Design, Control, and Evaluation of a Robotic Ankle-Foot Prosthesis Emulator.

作者信息

Anderson Anthony J, Hudak Yuri F, Muir Brittney C, Aubin Patrick M

机构信息

Department of Mechanical Engineering, University of Washington, Seattle, WA 98116 USA, and also with the Center for Limb Loss and Mobility, VA Puget Sound Health Care System, Seattle, WA 98018 USA.

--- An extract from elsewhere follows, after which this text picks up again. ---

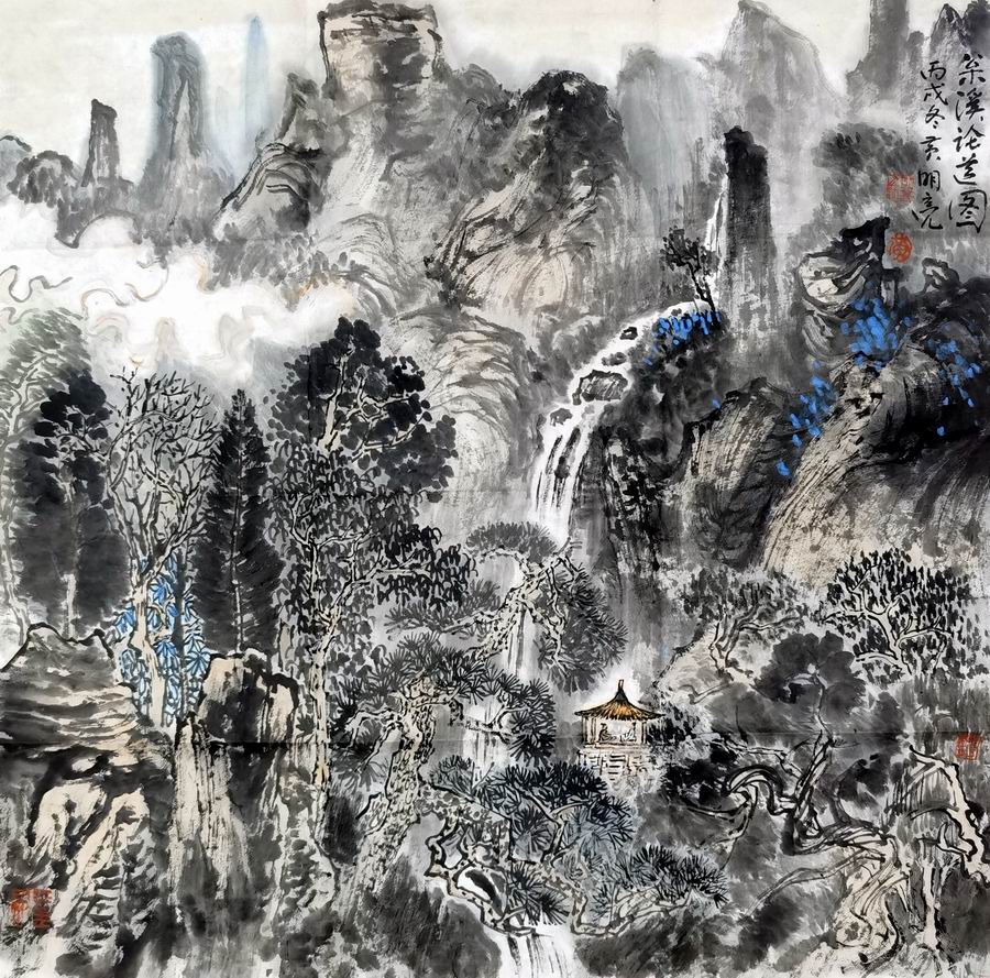 备注:款识:松溪论道图丙戌冬黄明亮。 钤印:明亮之印.黄。备注:0701bj-jx。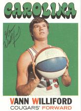 Vann Williford (Played in the ABA during the 1970-71 season for the Carolina Cougars, he signed in 1 week) rec`d 06-27-08

Department of Mechanical Engineering and the Department Orthopaedic and Sports Medicine, University of Washington, Seattle, WA 98116 USA.

出版信息

IEEE Trans Med Robot Bionics. 2023 Jun 30;5(3):741-752. doi: 10.1109/TMRB.2023.3291015.

DOI:10.1109/TMRB.2023.3291015
PMID:40370951
原文链接:https://pmc.ncbi.nlm.nih.gov/articles/PMC12077017/
Abstract

People with transtibial limb loss experience reduced mobility. Intelligent ankle-foot prostheses have the potential to improve quality of life in people with limb loss, but there are scientific, clinical, and commercial barriers that prevent widespread impact. Further research tools and experiments are needed to expand our understanding of how to design and control intelligent prosthetic limbs. We designed and built a robotic ankle-foot prosthesis with off-board actuation and control to serve as a platform for biomechanical lower limb loss research. Our prosthesis fits inside of a shoe during walking and attaches to standard clinical prosthesis componentry, including carbon fiber prosthetic footplates and pyramid adapters. Our novel mechanical architecture implements a custom torsion spring in parallel with the ankle joint to allow for dorsiflexion and plantarflexion torque control with a single off-board actuator. Benchtop tests show that our prosthesis has peak plantarflexion torques greater than 175 Nm and a torque control bandwidth of 6.1 Hz. Walking experiments with two participants with lower limb loss indicate that the prosthesis can achieve low torque tracking errors and push-off power greater than the biological ankle during walking. This device will enable future experiments on amputee gait biomechanics, human-robot interaction, and prosthesis control.

摘要

经胫骨肢体缺失的人行动能力会下降。智能踝足假肢有潜力改善肢体缺失者的生活质量,但存在科学、临床和商业方面的障碍,阻碍了其广泛应用。需要进一步的研究工具和实验来加深我们对如何设计和控制智能假肢的理解。我们设计并制造了一种带有外置驱动和控制装置的机器人踝足假肢,作为下肢缺失生物力学研究的平台。我们的假肢在行走时可安装在鞋子内部,并与标准临床假肢部件相连,包括碳纤维假肢脚板和金字塔适配器。我们新颖的机械结构在踝关节处并联了一个定制的扭力弹簧,以便通过单个外置驱动器实现背屈和跖屈扭矩控制。台式测试表明,我们的假肢跖屈峰值扭矩大于175牛米,扭矩控制带宽为6.1赫兹。对两名下肢缺失参与者进行的行走实验表明,该假肢在行走过程中能够实现低扭矩跟踪误差,并且蹬离功率大于生物踝关节。该装置将为未来关于截肢者步态生物力学、人机交互和假肢控制的实验提供支持。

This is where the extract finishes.